If your program accesses LOB columns in a remote table, use the following techniques to minimize the number of bytes that are transferred between the client and the server:
- Use LOB locators instead of LOB host variables.
  If you need to store only a portion of a LOB value at the client, or if your client program manipulates the LOB data but does not need a copy of it, LOB locators are a good choice. When a client program retrieves a LOB column from a server into a locator, DB2 transfers only the 4-byte locator value to the client, not the entire LOB value.
- Use stored procedure result sets.
  When you return LOB data to a client program from a stored procedure, use result sets rather than passing the LOB data to the client in parameters. Using result sets to return data causes less LOB materialization and less movement of data among address spaces.
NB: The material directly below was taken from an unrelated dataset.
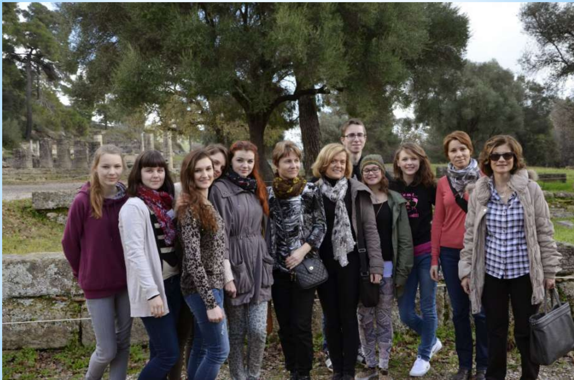
Punskiečiai Olimpijoje su Patrų Kastritsiou gimnazijos projekto koordinatore.

- Set the CURRENT RULES special register to DB2.
  When a DB2 server receives an OPEN request for a cursor, the server uses the value in the CURRENT RULES special register to determine the type of host variables that the associated statement uses to retrieve LOB values. If you specify a value of DB2 for the CURRENT RULES special register before you perform a CONNECT, and the first FETCH statement for the cursor uses a LOB locator to retrieve LOB column values, DB2 lets you use only LOB locators for all subsequent FETCH statements for that column until you close the cursor. If the first FETCH statement uses a host variable, DB2 lets you use only host variables for all subsequent FETCH statements for that column until you close the cursor. However, if you set the value of CURRENT RULES to STD, DB2 lets you use the same open cursor to fetch a LOB column into either a LOB locator or a host variable.
  
  Although a value of STD for the CURRENT RULES special register gives you more programming flexibility when you retrieve LOB data, you get better performance if you use a value of DB2. With the STD option, the server must send and receive network messages for each FETCH statement to indicate whether the data that is being transferred is a LOB locator or a LOB value. With the DB2 option, the server knows the size of the LOB data after the first FETCH, so an extra message about LOB data size is unnecessary. The server can send multiple blocks of data to the requester at one time, which reduces the total time for data transfer.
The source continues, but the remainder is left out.